[Date Prev][Date Next][Thread Prev][Thread Next][Date Index][Thread Index]
Re: [ARSCLIST] long range file storage
The Sound Directions project is also investigating the use of
"checksums" (MD5 hash, SHA-1, for example) at Indiana University and
Harvard University. We will investigate data integrity checking both for
interim (within our archives) and long-term (mass storage)storage. We're
just getting rolling but I expect we will have data on performance,
implications for workflow, etc. next year.

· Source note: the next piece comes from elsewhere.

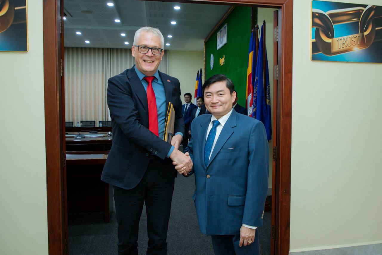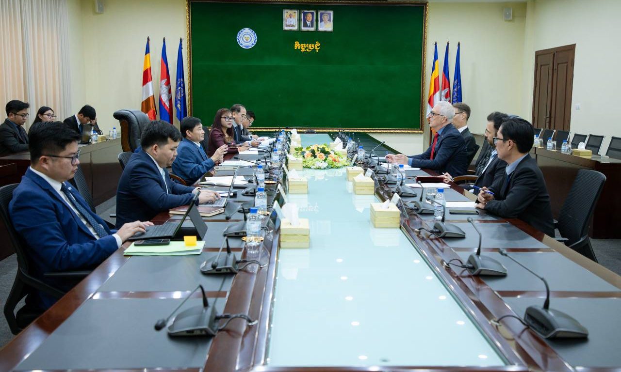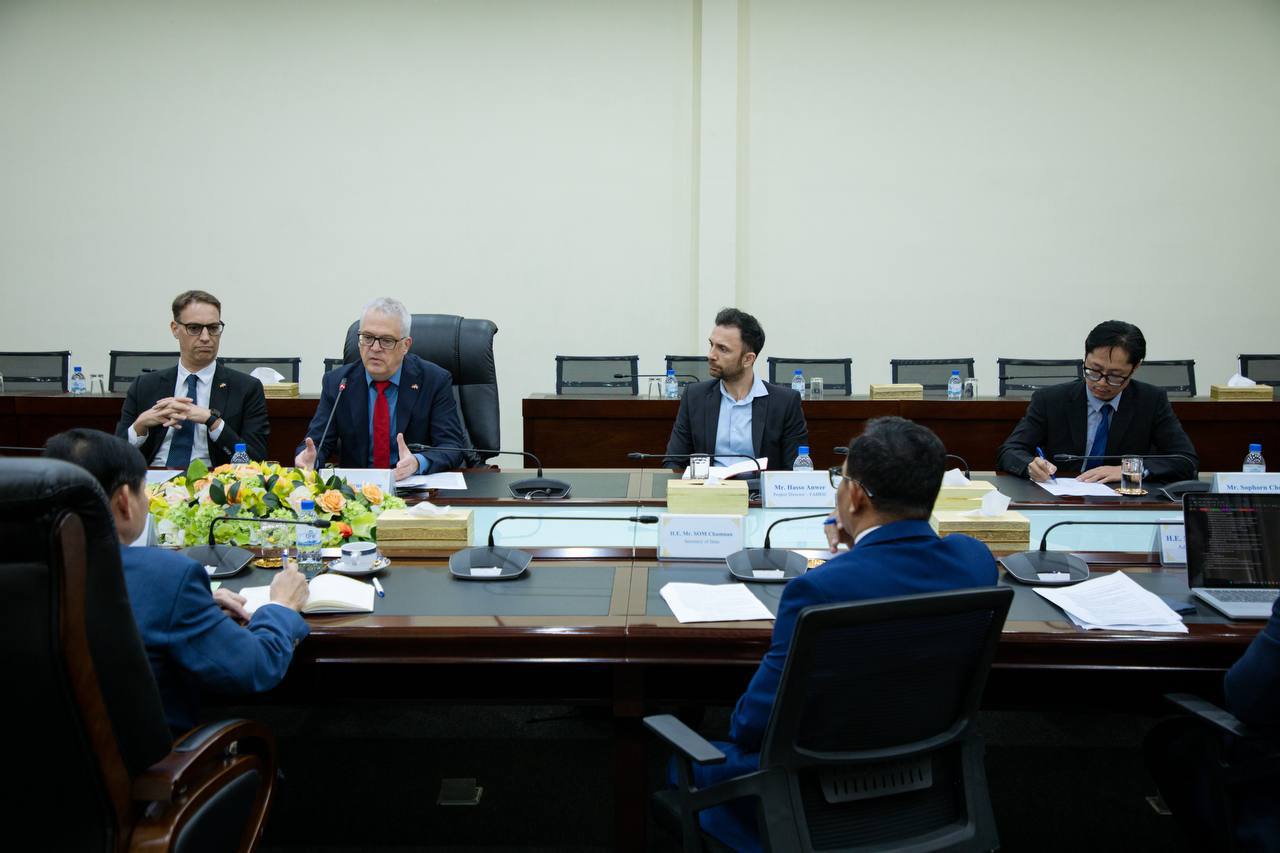 ភ្នំពេញ៖ លោក ហេង សួរ រដ្ឋមន្ត្រីក្រសួងការងារ និងបណ្តុះបណ្តាលវិជ្ជាជីវៈ បានទទួលជួបសម្តែងការគួរសម ជាមួយប្រតិភូទីភ្នាក់ងារកិច្ចសហប្រតិបត្តិការអាល្លឺម៉ង់ (GIZ) ដែលដឹកនាំដោយលោក Marcus Lange នាយកផ្នែកតំបន់អាស៊ីរបស់ GIZ និងមានការចូលរួមពីលោកបណ្ឌិត Matthias Bickel ដែលត្រូវបានតែងតាំងជាប្រធានថ្មី របស់ GIZ ប្រចាំប្រទេសកម្ពុជា នារសៀលថ្ងៃទី១៦ ខែតុលា ឆ្នាំ២០២៥ នៅទីស្តីការក្រសួងការងារ ដើម្បីពង្រឹងកិច្ចសហប្រតិបត្តិការរវាងស្ថាប័នទាំងពីរ ឱ្យកាន់តែស៊ីជម្រៅលើវិស័យការងារ សន្តិសុខសង្គម និងបណ្តុះបណ្តាលវិជ្ជាជីវៈ។

www.dlib.indiana.edu/projects/sounddirections/
----------
Mike Casey
Coordinator of Recording Services
Archives of Traditional Music
Indiana University
(812) 855-8090
-----Original Message-----
From: Association for Recorded Sound Discussion List
[mailto:ARSCLIST@xxxxxxx] On Behalf Of Damien Moody
Sent: Monday, August 15, 2005 7:03 AM
To: ARSCLIST@xxxxxxxxxxxx
Subject: Re: [ARSCLIST] long range file storage
My department is investigating the use of checksums for the National
Audio Visual Conservation Center. Checksums are a good way to validate
files. Our concern here, though, is that our archive will be so large
and process so much data that we may not be able to create/compare
checksums on every file - perhaps only 1 to a few percent. We may just
have to accept a certain amount of file corruption risk. But we'll
surely continue investigating ways to ensure file integrity for
extremely large archives.
Damien J. Moody
Information Technology Services
Library of Congress
>>> seubert@xxxxxxxxxxxxxxxx 08/11/05 11:04 PM >>>
We are currently creating parallel preservation copies, both online and
on optical media, but eventually I see us phasing out the physical
media. Before we do that, one thing I feel is necessary and that we have
been discussing is the integrity of the data stored online. Once the
data goes onto disk, there is no practical way to manually make sure
that files haven't become corrupted over time, during a backup and
restore process, or during a migration from one system to another. We've
discussed using checksum files created upon ingest that would be
periodically and automatically compared against the files to ensure that
nothing has become corrupted. In case of corruption, the original file
could be restored from tape. I've noticed that the audio files in the
Internet Archive have associated checksum files so you can make sure
that the file you have downloaded is identical to the original. I don't
know if they also use these to ensure data integrity over the long term.
Has anybody looked into this further or implemented this for archiving
audio files?
David Seubert
UCSB